Issue #13618 has been updated by ko1 (Koichi Sasada).


sorry for long absent about this topic. it is hard task (hard to start writing up because of problem difficulties and my English skil ;p ) to summarize about this topic.

I try to write step by step.

----

# Discussion at last developers meeting

## Thread/Fiber switch safety

Koichi: (repeat my opinion about difficulty of thread/fiber safety)

akr: providing better synchronize mechanism (such as go-lang has) and encouraging safe parallel computation seems better.

Koichi: It is one possible solution but my position is "if people can shoot their foot, people will shoot".

Matz: I don't like to force people to use lock and so on.

(the point is Matz doesn't reject "-safe" approach)

## Introduce restriction

(The following idea is not available at last meeting (only part of idea I showed))

Koichi:
The problem of this feature is mind gap using auto-fiber user and script writer. This is same as thread-safety. Person A consider the code is auto-fiber safe, and other person B (can be same as A) write a code without auto-fiber safety, then it will be problem.
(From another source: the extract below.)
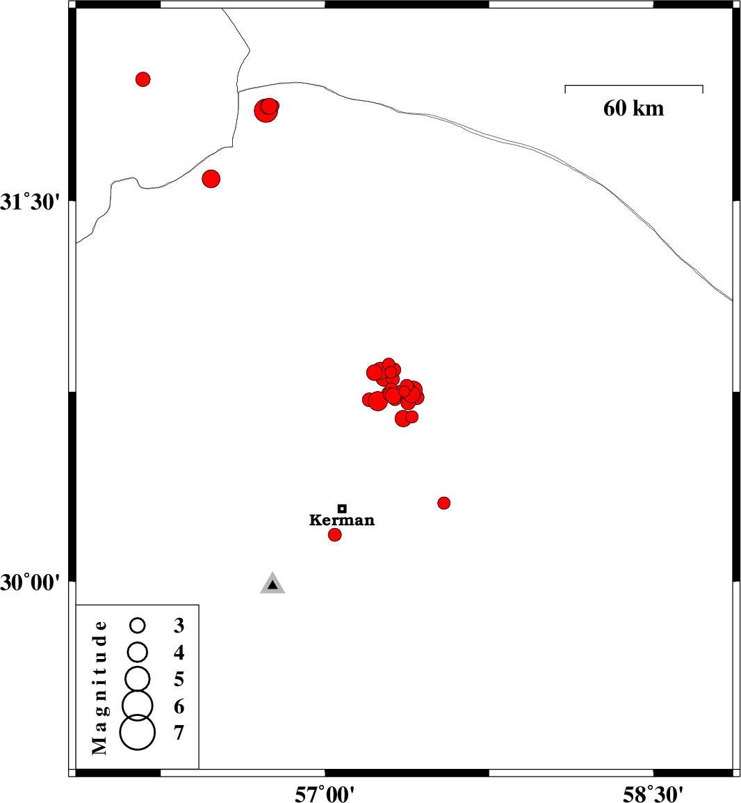 | 2018/03/04 | 11:35:27.1 | 15:05:27.1 | 30.708 | 57.38 | 14 | ML3 | Kerman Province, 55 km North-East of Kerman | ||
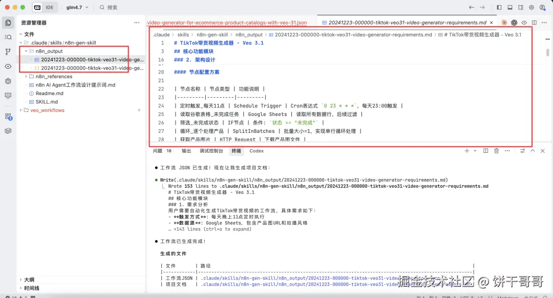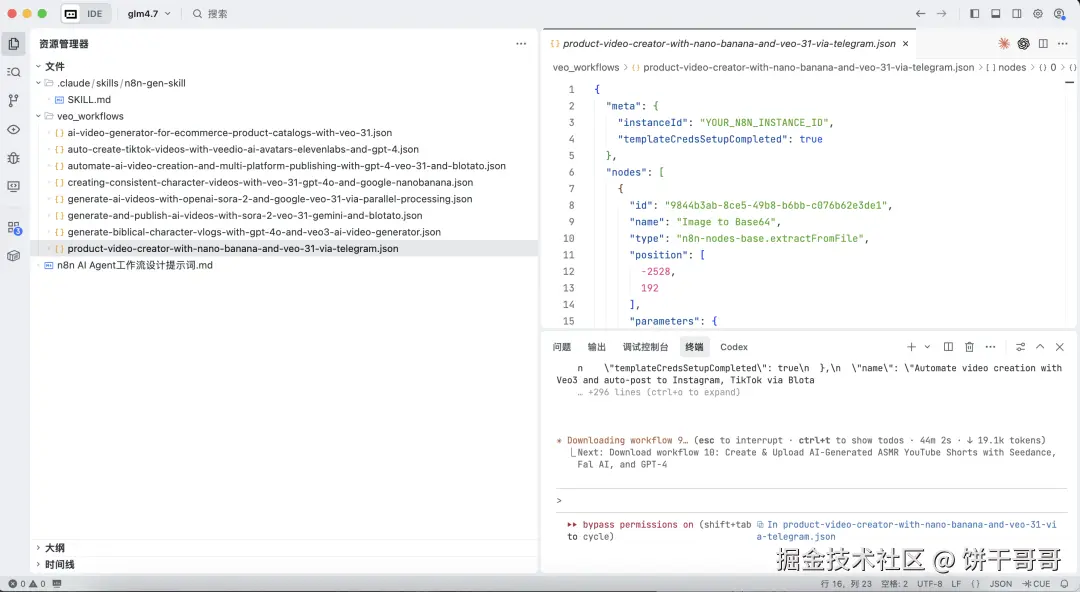 卧槽,牛逼!看来这个逻辑是对的,如图左边已经自动新建好了veo_workflows文件夹并且已经有了9个n8n工作流json文件了。

In general, most of existing libraries are not auto-fiber safe code (it doesn't mean most of libraries are not auto-fiber safe. Many code are auto-fiber safe without any care).

If we can know a code (and code called by this code) is auto-fiber safe, we can use auto-fiber in safe.

There are three type of code.

* (1) don't care about auto-fiber
* (2) auto-fiber aware code (assume switching is not allowed at the beginning)
* (3) auto-fiber aware code (don't care it is allowed or not allowed to switch)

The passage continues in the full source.